Nuke’s linear approach solves a host of workflow issues, but there are some circumstances where it is beneficial to work in an images native colour space, namely when dealing with noise or grain. The nature of digital noise from a sensor, or grain on a piece of film is that it is distributed in a fairly way across the image regardless of the image’s brightness. When we convert these images to linear colour space, although the image itself becomes linear, the noise becomes non-linear. It is far easier to add/remove/filter noise when it is linear in the same way that it’s easier to deal with an image when it’s linear. It just so happens to be that the two are never both linear at the same time.
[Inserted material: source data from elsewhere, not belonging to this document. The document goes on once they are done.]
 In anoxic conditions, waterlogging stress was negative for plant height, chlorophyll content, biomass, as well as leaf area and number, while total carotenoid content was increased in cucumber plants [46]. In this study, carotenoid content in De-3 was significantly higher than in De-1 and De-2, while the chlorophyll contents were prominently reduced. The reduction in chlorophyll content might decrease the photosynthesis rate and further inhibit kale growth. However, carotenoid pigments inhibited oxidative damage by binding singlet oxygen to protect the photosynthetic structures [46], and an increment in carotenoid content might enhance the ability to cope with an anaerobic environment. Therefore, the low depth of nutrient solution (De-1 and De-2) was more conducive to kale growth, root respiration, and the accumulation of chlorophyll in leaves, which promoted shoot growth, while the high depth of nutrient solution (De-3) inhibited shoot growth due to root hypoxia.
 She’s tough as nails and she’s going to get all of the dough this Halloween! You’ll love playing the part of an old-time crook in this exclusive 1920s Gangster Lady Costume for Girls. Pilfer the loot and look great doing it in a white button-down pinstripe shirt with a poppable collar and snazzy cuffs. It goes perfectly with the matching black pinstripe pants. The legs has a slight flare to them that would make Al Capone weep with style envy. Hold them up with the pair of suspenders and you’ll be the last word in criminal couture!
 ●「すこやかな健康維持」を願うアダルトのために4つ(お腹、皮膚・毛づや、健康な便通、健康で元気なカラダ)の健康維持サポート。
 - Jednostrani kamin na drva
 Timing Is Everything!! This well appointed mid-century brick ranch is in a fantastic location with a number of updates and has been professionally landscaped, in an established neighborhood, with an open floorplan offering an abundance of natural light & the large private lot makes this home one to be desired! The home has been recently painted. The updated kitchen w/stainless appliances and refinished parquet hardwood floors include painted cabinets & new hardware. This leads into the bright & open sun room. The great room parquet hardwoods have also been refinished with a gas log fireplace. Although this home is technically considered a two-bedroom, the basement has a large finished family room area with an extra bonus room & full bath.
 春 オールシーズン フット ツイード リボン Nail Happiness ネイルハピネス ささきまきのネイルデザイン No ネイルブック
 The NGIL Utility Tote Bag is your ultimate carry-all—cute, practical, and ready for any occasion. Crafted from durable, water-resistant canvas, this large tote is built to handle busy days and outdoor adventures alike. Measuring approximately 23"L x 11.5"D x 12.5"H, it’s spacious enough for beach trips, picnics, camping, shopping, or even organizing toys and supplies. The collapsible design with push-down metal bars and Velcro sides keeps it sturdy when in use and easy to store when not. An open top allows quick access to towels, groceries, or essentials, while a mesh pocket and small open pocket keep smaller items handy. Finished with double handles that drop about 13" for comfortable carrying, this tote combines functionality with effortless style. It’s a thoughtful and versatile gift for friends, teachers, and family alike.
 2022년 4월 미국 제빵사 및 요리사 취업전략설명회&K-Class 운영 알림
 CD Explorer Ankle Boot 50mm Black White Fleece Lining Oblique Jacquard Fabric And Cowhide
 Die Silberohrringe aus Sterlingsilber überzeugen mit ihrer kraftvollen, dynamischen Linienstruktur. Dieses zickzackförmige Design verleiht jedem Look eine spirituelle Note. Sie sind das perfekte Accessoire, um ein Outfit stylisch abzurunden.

There are other operations where Nuke will do colour space conversions inside of a node. The HSV tool is an example of this. As the name suggests, it does an HSV conversion (Hue, Saturation, Value) to allow you to adjust these channels individually, and then converts back to linear all in the one node. The basic Nuke keyer does kind of half of an HSV conversion too, in order to supply a greenscreen or bluescreen key (I’ll expand on that in another article).
Functions and LUTs
Colour space conversions can come in the form of either a mathematical function or a look up table (LUT). S = max(R, G, B) – min(R, G, B) is the function to convert RGB values in to the saturation value of HSV. In plain English this function says ‘the saturation will equal the difference between the the brightest and darkest RGB channel’. So if you have an RGB value of [0.1, 0.8, 0.5] the saturation will be 0.8 (the brightest) minus 0.1 (the darkest) giving 0.7. Functions are great because they allow you to calculate and number, giving a result that is just as accurate as the input. LUTs on the other hand consist of a table of input and output values. A LUT would just say RGB [0.1, 0.8, 0.5] = S [0.8], without giving the formula that explains how one equals the other. A LUT will contain a huge array of these source and result values, but if the exact number that you’re looking for isn’t there then it’ll just jump to the nearest one. LUTs are lossy for this reason, meaning that they can degrade the quality of the information in an image, however LUTs are a necessary evil because not all conversions can be explained by a function, or sometimes that function is so complex that it’s computationally too expensive to be useful. The conversion between Linear RGB and sRGB is one such example of something that can not be explained by a function, but Nuke kind of cheats with this one, by just simplifying it into Linear = sRGB^1/2.2. This function is a very rough approximation of the sRGB model, but deemed to be close enough since in this case the benefits of using an inaccurate function outweigh those of using an accurate albeit lossy LUT. Although it is highly likely that somewhere along the colour pipeline a LUT will be applied, is is better to avoid them in the compositing workflow except for display purposes (by this I mean Nuke’s viewer LUT, which has no impact on the final image).